Saeideh Shafiei (Persian: سعیده شفیعی) (born 1983) is an Iranian story writer and journalist. She contributes to economic topics in journalism, and her novel 'The Spiral Girl' (In Persian: Dokhtar-e Pich) has been published. Recognized as a laureate of the International Festival of Press and News Agencies, Shafiei was arrested at the same time as the Mahsa Amini protests, which are known as the 'Women, Life, Freedom' movement and occurred following the death of Mahsa Amini.

== Biography ==
Saeideh Shafiei was born in 1983 in Tehran. She holds a bachelor's degree in economics from Allameh Tabataba'i University in Tehran and a master's degree in energy economics from the Islamic Azad University, Tehran Central Branch.

==Writing and Journalism==
This story writer is the author of the novel 'The Spiral Girl' (In Persian: Dokhtar-e Pich), published in 2017 by Nashre-Cheshmeh Publishing House. In addition to her novels, she has contributed numerous works in the form of articles, notes, reports, and interviews on macroeconomics and energy economics in various media outlets. Some of the platforms include Shargh newspaper, Donya-ye Eqtesad, Iran Farda, Ensaf News, Ermaghan Bidari, Ettelaat-e Siyasi-Eqtesadi, ILNA, Iran Development newspaper, and more.

== Detention ==
On January 22, 2023, Saeideh Shafiei was arrested by the intelligence organization of the Islamic Revolutionary Guard Corps (Sepah) at her residence and was transferred to Evin Prison. This journalist and writer were accused of "assembly and collusion against national security", and "propaganda against the regime". After 18 days of temporary detention, she was released on bail of five hundred million tomans (approximately US$12,150) pending a court hearing.

== Conviction ==
The trial for the charges against Saeideh Shafiei, Nasim Sultan Beigi, and Mehrnoosh Zarei Hanzaki took place on Tuesday, July 3, 2023 in Branch 26 of the Tehran Revolutionary Court, presided over by Judge Iman Afshari. With Iman Afshari's verdict, the judge of Branch 26 of the Tehran Revolutionary Court sentenced Saeideh Shafiei and Nasim Sultan Beigi to three years and seven months in prison for "assembly and collusion against national security" and eight months in prison for " propaganda against the regime." In total, they each were sentenced to four and a half years of imprisonment.

Saeideh Shafiei and Nasim Sultan Beigi's objection to the harsh verdict was also confirmed in the appellate court.
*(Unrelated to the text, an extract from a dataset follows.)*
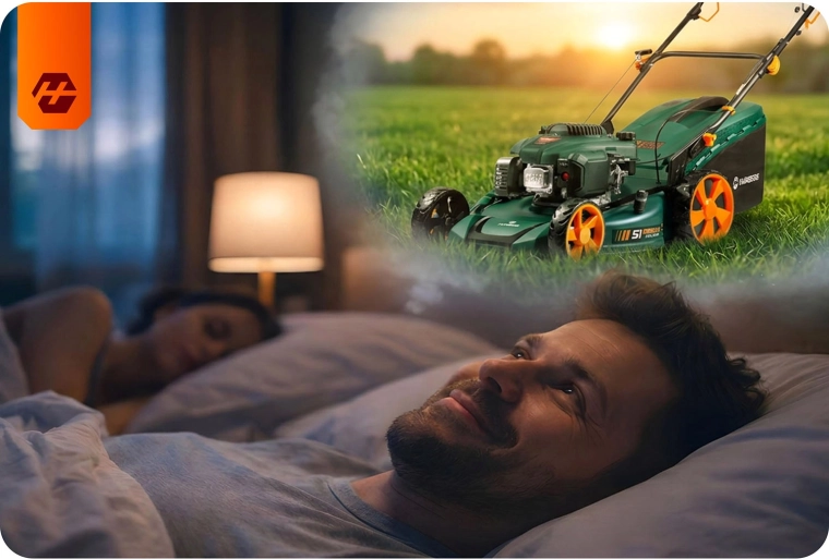 - Centrale hoogteverstelling 6 posities (30–80 mm) – van siergazon tot doorgeschoten gras.

Moreover, under this verdict, they will not be eligible for amnesty as outlined in the "pardon and commutation" directive issued in February 2023. Despite multiple legal flaws, their request for a retrial was also rejected by the Supreme Court. Saeideh Shafiei was sent to Evin Prison on November 19, 2023, to serve a harsh sentence due to her journalistic activities.

== Reactions ==
The spokesperson for the U.S. Department of State criticized the Islamic Republic's pressure on journalists. In response to a question about the recent verdict issued by the Revolutionary Court against Saeideh Shafiei and Nasim Sultan Beigi, two female journalists, Matthew Miller deplored "the Iranian regime’s continued crackdown on journalists for engaging in acts of journalism, oftentimes with baseless and completely discredited allegation[s]." The regime's actions, he said, "remain a violation of their human rights, something the world continues to watch."

Human Rights Watch, in response to the trial, declared that the charges against these three journalists should be dropped.

Reporters Without Borders described the heavy sentences imposed on Saeideh Shafiei and Nasim Sultan Beigi as the government's retaliation against journalists and condemned the Islamic Republic for this action.

In this regard, also, the International Federation of Journalists (IFJ) General Secretary Anthony Bellanger said: "We are extremely concerned about the fate of our colleagues in jail and the authorities' relentless attempts to tighten their grip on media and journalists. We demand all journalists’ immediate release and urge the Iranian leaders to establish real conditions for democracy in the country."

== Achievements ==
Saeideh Shafiei was introduced as a selected author in the articles section of the fourth Festival of Press and News Agencies.